▶ _WHAT THE TASK ASKS_
For every line in the records that has the word "This", make a copy.

EXERCISE INPUT below:

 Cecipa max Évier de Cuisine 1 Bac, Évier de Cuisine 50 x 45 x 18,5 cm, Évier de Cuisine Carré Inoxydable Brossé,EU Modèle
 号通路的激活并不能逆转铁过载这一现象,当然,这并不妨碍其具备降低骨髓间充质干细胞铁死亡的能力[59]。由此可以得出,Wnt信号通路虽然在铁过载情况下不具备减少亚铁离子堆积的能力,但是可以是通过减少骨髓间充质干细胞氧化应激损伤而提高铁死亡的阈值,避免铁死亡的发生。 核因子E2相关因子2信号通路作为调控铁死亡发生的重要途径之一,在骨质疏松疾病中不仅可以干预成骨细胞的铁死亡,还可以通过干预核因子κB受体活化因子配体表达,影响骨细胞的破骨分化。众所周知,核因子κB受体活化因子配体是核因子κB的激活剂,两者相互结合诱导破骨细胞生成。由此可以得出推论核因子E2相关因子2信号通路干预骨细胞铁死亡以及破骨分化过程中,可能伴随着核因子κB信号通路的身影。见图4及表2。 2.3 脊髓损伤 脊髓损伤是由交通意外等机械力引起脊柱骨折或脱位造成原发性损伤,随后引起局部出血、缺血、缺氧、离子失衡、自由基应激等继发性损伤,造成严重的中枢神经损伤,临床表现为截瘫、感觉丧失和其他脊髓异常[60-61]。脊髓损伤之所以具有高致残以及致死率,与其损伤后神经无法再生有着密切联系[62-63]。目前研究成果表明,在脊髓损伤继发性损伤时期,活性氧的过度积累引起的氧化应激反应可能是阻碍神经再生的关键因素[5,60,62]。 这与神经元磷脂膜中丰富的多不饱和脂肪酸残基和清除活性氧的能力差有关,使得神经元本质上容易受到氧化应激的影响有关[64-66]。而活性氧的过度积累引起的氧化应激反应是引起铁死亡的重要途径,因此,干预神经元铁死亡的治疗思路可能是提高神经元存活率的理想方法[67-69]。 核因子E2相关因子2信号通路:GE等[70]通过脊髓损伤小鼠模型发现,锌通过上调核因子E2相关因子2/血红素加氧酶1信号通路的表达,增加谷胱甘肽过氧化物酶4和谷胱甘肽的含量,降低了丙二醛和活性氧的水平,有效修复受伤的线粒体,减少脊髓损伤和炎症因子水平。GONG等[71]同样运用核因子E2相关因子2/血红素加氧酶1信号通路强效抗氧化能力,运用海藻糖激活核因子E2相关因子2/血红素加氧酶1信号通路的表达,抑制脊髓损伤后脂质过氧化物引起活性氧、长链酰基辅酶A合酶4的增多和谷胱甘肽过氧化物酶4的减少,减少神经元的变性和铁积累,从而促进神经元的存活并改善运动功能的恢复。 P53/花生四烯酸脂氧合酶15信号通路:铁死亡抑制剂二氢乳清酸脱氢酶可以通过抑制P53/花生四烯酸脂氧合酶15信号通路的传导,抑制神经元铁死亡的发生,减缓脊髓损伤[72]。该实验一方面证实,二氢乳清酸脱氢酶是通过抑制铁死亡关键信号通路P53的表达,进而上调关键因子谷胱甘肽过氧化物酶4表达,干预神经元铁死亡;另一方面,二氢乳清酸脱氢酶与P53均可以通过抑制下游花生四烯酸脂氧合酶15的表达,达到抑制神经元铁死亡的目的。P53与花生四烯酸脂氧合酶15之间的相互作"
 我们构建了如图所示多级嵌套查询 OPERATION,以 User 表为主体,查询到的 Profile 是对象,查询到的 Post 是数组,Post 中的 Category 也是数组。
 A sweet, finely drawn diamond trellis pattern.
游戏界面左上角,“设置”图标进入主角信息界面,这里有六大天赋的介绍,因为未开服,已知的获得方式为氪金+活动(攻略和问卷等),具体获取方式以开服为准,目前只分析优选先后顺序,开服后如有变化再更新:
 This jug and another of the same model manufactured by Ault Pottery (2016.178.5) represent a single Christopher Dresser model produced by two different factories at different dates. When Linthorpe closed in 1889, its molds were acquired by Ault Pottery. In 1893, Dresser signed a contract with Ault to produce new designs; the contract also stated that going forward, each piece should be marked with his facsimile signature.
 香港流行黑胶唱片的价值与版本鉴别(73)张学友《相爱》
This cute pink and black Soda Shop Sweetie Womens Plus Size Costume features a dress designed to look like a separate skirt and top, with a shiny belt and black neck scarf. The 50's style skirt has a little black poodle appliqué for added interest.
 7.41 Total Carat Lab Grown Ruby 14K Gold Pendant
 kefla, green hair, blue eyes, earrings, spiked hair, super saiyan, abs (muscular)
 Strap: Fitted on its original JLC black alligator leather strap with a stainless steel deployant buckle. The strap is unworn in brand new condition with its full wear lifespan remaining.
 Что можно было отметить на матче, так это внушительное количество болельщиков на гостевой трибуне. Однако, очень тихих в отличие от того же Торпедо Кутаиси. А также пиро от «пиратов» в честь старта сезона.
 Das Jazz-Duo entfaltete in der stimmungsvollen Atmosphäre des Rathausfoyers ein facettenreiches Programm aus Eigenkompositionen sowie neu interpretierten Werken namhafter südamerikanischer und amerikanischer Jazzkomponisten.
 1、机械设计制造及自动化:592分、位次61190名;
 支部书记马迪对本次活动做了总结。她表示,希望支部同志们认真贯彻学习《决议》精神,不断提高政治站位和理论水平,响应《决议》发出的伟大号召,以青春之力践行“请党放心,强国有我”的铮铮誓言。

End of EXERCISE INPUT.

▶ _OUTPUT BELOW_
 This jug and another of the same model manufactured by Ault Pottery (2016.178.5) represent a single Christopher Dresser model produced by two different factories at different dates. When Linthorpe closed in 1889, its molds were acquired by Ault Pottery. In 1893, Dresser signed a contract with Ault to produce new designs; the contract also stated that going forward, each piece should be marked with his facsimile signature.
This cute pink and black Soda Shop Sweetie Womens Plus Size Costume features a dress designed to look like a separate skirt and top, with a shiny belt and black neck scarf. The 50's style skirt has a little black poodle appliqué for added interest.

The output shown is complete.